Meeting notes are very useful, but wouldn’t it be more helpful if you could get suggestions based on what was being said in the meeting? For example, if someone says, “Ok, so I think the next steps are to make a list of all the features and draw up some wireframes”, then you could extract those steps and add it to the notes section. We learned a little bit about Natural Language Processing (NLP) from conversations we had with people who had worked on Alexa and Siri, so we knew it was the foundation for how those virtual assistants were able to understand what you were asking and formulate a response. Google had and has a great NLP service that you can train with your own data to extract meaning from domain-specific information such as next steps in a meeting.

Jetson the chatbot

NLP essentially reads a block of text and returns some keywords that help identify what the meaning is. You can train the NLP model to recognize domain-specific language like “next steps”, or “let’s meet next week”, or “action items”. Once you’ve interpreted the meaning you can then take some action like book another meeting.

We decided the best way to incorporate this feature was to introduce a chatbot that would make suggestions based on what was being said.
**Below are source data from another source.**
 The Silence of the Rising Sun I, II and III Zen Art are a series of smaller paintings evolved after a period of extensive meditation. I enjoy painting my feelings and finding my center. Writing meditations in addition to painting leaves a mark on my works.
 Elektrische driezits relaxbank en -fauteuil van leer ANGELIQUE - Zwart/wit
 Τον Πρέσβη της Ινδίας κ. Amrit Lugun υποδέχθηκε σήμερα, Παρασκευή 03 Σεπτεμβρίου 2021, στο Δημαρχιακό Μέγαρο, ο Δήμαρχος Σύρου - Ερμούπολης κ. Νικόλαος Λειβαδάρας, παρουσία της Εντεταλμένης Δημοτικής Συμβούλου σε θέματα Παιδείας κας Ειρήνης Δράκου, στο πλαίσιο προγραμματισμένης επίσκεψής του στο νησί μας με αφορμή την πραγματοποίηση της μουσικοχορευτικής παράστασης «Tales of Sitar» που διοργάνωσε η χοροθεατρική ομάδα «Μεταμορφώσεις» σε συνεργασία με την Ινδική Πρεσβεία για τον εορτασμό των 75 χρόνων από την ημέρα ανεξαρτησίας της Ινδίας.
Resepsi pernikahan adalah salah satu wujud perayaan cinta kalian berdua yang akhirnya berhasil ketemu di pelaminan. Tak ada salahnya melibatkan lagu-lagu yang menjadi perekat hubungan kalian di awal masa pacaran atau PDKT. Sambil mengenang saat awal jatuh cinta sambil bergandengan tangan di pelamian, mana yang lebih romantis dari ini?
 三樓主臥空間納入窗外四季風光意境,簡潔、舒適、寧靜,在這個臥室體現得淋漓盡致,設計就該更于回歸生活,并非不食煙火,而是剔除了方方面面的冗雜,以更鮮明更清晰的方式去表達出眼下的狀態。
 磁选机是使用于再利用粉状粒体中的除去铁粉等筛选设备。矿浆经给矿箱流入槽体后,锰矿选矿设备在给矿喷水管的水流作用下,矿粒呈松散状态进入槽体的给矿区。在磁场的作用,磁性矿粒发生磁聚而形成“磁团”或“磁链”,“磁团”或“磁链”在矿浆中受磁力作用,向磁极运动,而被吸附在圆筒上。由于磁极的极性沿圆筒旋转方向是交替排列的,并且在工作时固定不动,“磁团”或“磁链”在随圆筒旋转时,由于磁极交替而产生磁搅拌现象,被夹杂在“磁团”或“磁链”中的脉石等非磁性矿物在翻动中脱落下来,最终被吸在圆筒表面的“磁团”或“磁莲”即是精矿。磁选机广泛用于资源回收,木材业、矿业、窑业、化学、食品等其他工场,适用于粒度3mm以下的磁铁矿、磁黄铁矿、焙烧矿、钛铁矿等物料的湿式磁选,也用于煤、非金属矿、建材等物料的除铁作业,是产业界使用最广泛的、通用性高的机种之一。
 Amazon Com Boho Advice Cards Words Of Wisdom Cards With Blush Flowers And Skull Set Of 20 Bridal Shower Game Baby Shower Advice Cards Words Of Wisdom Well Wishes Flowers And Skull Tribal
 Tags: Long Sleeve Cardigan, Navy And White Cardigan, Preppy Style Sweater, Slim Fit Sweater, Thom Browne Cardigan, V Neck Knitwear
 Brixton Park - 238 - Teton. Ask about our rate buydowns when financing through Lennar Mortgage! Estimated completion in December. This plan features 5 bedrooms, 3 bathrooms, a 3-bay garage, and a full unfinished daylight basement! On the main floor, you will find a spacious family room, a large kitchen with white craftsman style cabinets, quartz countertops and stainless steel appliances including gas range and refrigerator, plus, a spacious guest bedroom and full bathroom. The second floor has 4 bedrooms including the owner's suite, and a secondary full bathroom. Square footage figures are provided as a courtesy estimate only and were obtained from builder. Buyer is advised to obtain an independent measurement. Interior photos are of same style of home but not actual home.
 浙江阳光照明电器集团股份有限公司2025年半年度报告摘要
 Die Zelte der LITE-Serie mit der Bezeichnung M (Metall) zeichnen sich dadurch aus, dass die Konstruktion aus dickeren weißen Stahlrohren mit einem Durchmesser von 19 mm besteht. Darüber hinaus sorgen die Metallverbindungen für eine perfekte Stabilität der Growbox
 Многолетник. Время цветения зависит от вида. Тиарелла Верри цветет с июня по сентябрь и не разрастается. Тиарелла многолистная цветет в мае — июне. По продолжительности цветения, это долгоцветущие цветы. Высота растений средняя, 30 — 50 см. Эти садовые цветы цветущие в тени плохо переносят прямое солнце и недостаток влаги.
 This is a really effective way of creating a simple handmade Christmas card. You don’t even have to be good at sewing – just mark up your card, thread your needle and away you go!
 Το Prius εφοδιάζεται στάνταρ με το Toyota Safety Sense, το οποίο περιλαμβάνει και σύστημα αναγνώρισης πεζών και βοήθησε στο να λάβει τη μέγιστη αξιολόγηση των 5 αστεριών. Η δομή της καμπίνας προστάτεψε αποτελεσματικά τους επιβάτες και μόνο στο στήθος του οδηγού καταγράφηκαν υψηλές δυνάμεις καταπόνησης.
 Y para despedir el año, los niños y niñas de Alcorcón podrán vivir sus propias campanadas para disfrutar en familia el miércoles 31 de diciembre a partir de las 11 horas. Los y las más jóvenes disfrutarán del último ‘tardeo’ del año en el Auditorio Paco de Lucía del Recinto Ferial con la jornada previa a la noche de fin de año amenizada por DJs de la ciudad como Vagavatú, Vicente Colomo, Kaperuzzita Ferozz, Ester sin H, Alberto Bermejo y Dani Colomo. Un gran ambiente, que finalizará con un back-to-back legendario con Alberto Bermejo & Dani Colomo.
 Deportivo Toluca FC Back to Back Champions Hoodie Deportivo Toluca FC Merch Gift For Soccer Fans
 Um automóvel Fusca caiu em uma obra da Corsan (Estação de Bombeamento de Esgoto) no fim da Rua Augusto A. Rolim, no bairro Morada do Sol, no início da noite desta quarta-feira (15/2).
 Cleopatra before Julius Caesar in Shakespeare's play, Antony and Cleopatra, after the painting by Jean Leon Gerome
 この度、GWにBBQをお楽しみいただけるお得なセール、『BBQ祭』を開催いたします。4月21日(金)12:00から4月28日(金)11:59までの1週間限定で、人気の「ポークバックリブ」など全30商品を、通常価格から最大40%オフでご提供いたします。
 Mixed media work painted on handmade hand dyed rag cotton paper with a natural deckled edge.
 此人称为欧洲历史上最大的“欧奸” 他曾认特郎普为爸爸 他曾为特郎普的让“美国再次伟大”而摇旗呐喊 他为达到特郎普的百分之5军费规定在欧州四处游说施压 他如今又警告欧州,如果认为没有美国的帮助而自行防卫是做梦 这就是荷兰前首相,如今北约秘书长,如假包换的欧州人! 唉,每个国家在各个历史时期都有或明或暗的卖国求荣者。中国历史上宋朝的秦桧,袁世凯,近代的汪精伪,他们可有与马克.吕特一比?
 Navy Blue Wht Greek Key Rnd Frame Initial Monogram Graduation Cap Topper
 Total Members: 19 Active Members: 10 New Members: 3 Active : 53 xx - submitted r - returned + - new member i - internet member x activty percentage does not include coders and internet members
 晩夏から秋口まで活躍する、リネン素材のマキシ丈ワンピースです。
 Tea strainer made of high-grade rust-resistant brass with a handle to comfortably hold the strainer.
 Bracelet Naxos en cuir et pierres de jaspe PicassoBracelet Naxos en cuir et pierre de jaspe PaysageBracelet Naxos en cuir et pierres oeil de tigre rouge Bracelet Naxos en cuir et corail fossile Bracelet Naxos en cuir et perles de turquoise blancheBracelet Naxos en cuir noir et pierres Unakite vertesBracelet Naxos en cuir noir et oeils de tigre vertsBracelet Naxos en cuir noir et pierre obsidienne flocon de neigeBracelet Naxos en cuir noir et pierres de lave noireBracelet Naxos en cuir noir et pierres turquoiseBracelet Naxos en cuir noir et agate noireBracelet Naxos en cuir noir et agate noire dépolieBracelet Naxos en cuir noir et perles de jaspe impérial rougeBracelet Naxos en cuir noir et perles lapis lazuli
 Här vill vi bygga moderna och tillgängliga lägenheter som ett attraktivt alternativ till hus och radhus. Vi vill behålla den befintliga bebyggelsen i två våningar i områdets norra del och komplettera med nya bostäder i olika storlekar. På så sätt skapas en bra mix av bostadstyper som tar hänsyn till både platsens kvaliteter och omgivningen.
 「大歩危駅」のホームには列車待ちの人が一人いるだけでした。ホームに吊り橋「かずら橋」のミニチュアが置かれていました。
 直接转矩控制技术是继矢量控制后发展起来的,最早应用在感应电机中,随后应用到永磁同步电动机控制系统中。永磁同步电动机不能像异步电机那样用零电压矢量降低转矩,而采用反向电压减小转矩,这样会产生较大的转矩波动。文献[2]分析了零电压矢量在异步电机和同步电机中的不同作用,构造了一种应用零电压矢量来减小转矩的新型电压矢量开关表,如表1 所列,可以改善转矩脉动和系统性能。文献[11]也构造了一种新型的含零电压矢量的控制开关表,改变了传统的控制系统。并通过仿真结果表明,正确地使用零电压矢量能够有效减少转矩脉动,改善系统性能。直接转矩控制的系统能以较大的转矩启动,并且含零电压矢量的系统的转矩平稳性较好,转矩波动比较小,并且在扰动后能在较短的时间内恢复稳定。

If a participant starts talking about next steps then the bot would jump into the transcript thread and ask if you wanted to make a next steps list. If you confirmed then a next steps list would populate in the notes. If you already had next steps in your notes it would be added to them. If you were going to schedule a meeting, the flow would be a little more complex, the chatbot would pop up when it hears something about scheduling a meeting and asks if it should schedule. Upon confirmation, the bot would look up all participants, create a calendar invite for everyone, announce the meeting was booked in the transcript, and then add a note about it in the notes.

Once the meeting was wrapped up, the notes and transcript were saved in a meeting record that you could access from the Jetson dashboard. Every user would get a recap via email that also had a link to the meeting record.

Jetson ended up fizzling out but maybe you were able to learn something from our experience. There are a lot of ways you can use AI services and their APIs in your project and I feel like NLP or Natural Language Understanding is one of the most interesting because you can try to understand what people want to do based on what they said or wrote. There are a ton of ways you could apply that to your app. Sure, there’s a bit of a learning curve but you don’t need a Ph.D. in machine learning to use any of them. With some programming knowledge and experience you could be up and running within a few days if not hours. Overall, we found Google’s APIs easiest to work with and had pretty good documentation. Microsoft seemed to return more accurate results but we didn’t run any experiments to verify that assertion.

I looked up some of the APIs we used while writing this article and it looks like speaker diarisation is in beta for Google’s Speech-To-Text service. It only handles up to 5 speakers at once, but even that would’ve been a game-changer for us. There are a lot more hardware options as well making it very tempting to pick it back up as a side project. It looks like Microsoft also has more NLP/NLU APIs available as well.